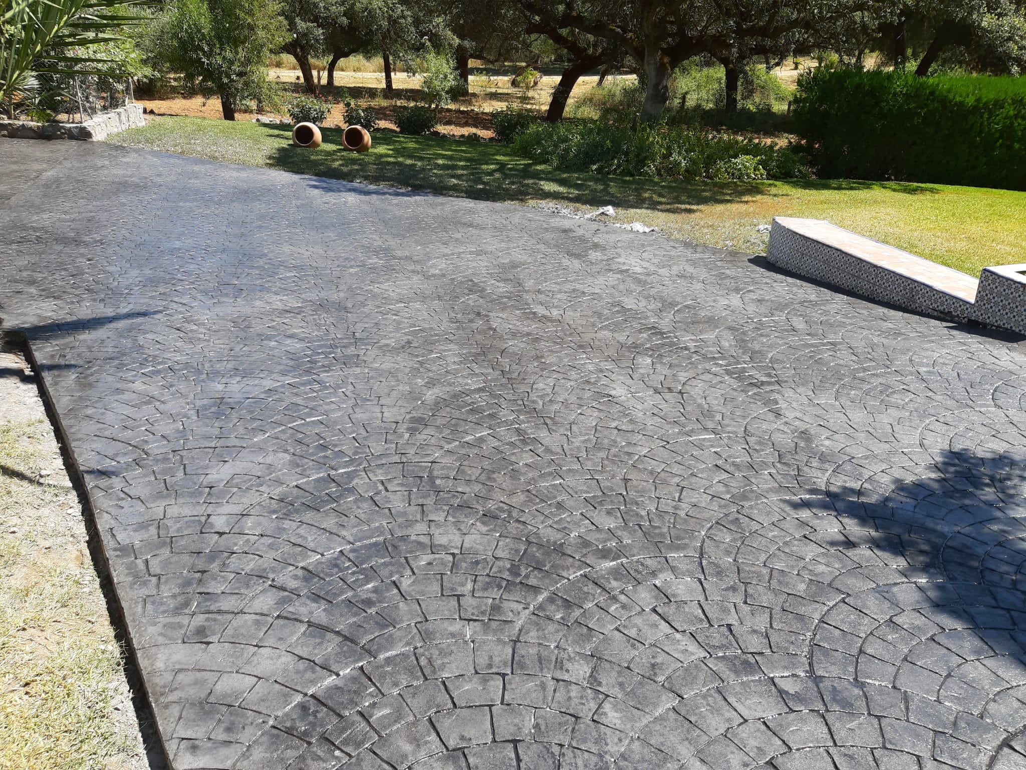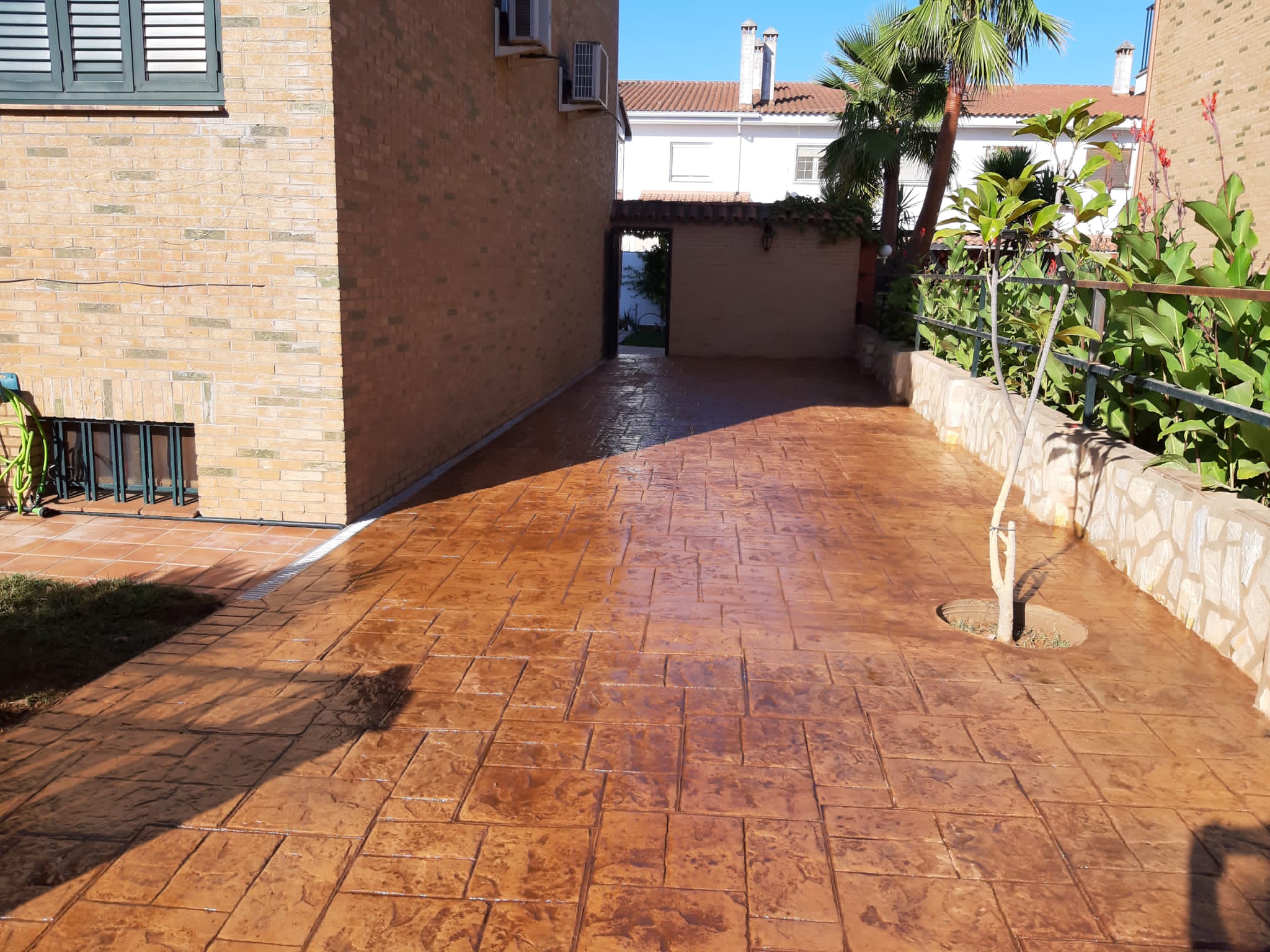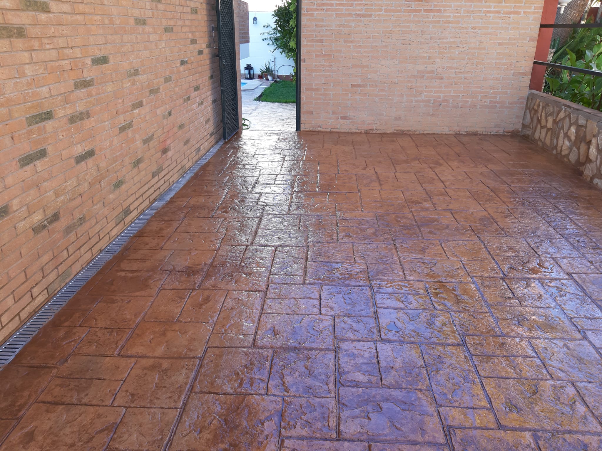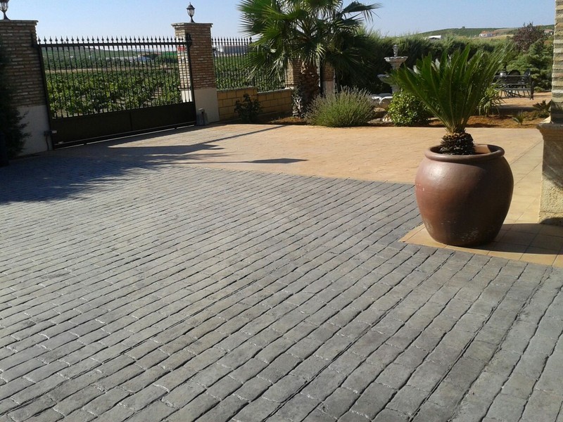 Pavimento de hormigón impreso para patios, piscinas, garajes, entradas de chalet.
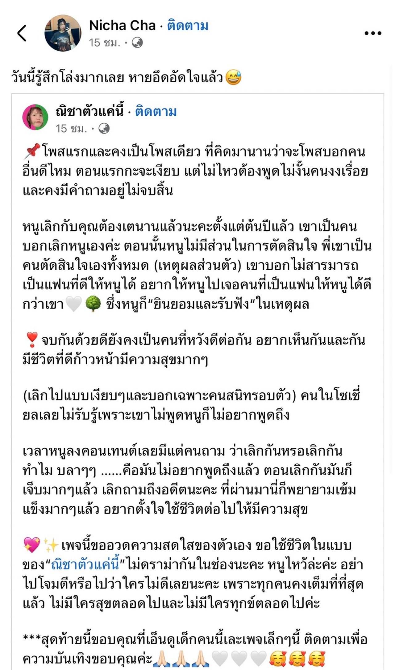 เวลาหนูลงคอนเทนต์เลยมีแต่คนถาม ว่าเลิกกันหรอเลิกกันทำไม บลาๆๆ ......คือมันไม่อยากพูดถึงแล้ว ตอนเลิกกันมันก็เจ็บมากๆแล้ว เลิกถามถึงอดีตนะคะ ที่ผ่านมานี่ก็พยายามเข้มแข็งมากๆแล้ว อยากตั้งใจใช้ชีวิตต่อไปให้มีความสุขเพจนี้ขออวดความสดใสของตัวเอง ขอใช้ชีวิตในแบบของ"ณิชาตัวแค่นี้"ไม่ดราม่ากันในช่องนะคะ หนูไหว้ล่ะค่ะ อย่าไปโจมตีหรือไปว่าใครไม่ดีเลยนะคะ เพราะทุกคนคงเต็มที่ที่สุดแล้ว ไม่มีใครสุขตลอดไปและไม่มีใครทุกข์ตลอดไปค่ะ
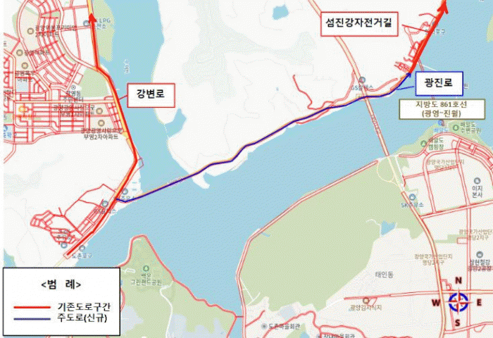 새로이 부여된 ‘용강5길’은 인근 용강지구의 도로명 인용 및 일련번호식 부여를 했으며‘중진길’과 ‘광진로’는 위치 예측성 및 지명을 고려해 부여했다.
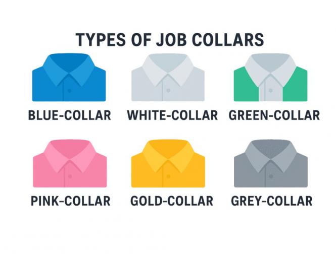 एखाद्या खासप्रकारच्या नोकरीसाठी व्हाइट कॉलर असा शब्द वापरतात, तसे पिंक कॉलर, ब्लू कॉलर, व्हाइट कॉलर आणि ग्रे कॉलर जॉब असेही शब्द आहेत. त्यांचा अर्थ काय असतो?
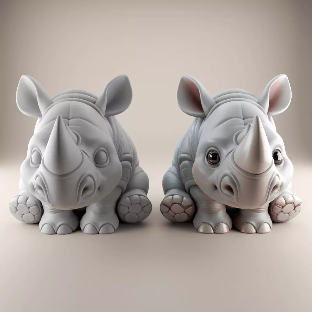 Design ConceptThis adorable rhino pair is designed to capture the playful and curious essence of baby rhinos. With exaggerated features and large expressive eyes, these models are a delightful blend of cuteness and realism, perfect for displaying.

# # # #

◆ Exercise objective: Every line of the material above should be repeated exactly, except for the pictures.

◆ Result for this exercise:
 Pavimento de hormigón impreso para patios, piscinas, garajes, entradas de chalet.
 เวลาหนูลงคอนเทนต์เลยมีแต่คนถาม ว่าเลิกกันหรอเลิกกันทำไม บลาๆๆ ......คือมันไม่อยากพูดถึงแล้ว ตอนเลิกกันมันก็เจ็บมากๆแล้ว เลิกถามถึงอดีตนะคะ ที่ผ่านมานี่ก็พยายามเข้มแข็งมากๆแล้ว อยากตั้งใจใช้ชีวิตต่อไปให้มีความสุขเพจนี้ขออวดความสดใสของตัวเอง ขอใช้ชีวิตในแบบของ"ณิชาตัวแค่นี้"ไม่ดราม่ากันในช่องนะคะ หนูไหว้ล่ะค่ะ อย่าไปโจมตีหรือไปว่าใครไม่ดีเลยนะคะ เพราะทุกคนคงเต็มที่ที่สุดแล้ว ไม่มีใครสุขตลอดไปและไม่มีใครทุกข์ตลอดไปค่ะ
 새로이 부여된 ‘용강5길’은 인근 용강지구의 도로명 인용 및 일련번호식 부여를 했으며‘중진길’과 ‘광진로’는 위치 예측성 및 지명을 고려해 부여했다.
 एखाद्या खासप्रकारच्या नोकरीसाठी व्हाइट कॉलर असा शब्द वापरतात, तसे पिंक कॉलर, ब्लू कॉलर, व्हाइट कॉलर आणि ग्रे कॉलर जॉब असेही शब्द आहेत. त्यांचा अर्थ काय असतो?
 Design ConceptThis adorable rhino pair is designed to capture the playful and curious essence of baby rhinos. With exaggerated features and large expressive eyes, these models are a delightful blend of cuteness and realism, perfect for displaying.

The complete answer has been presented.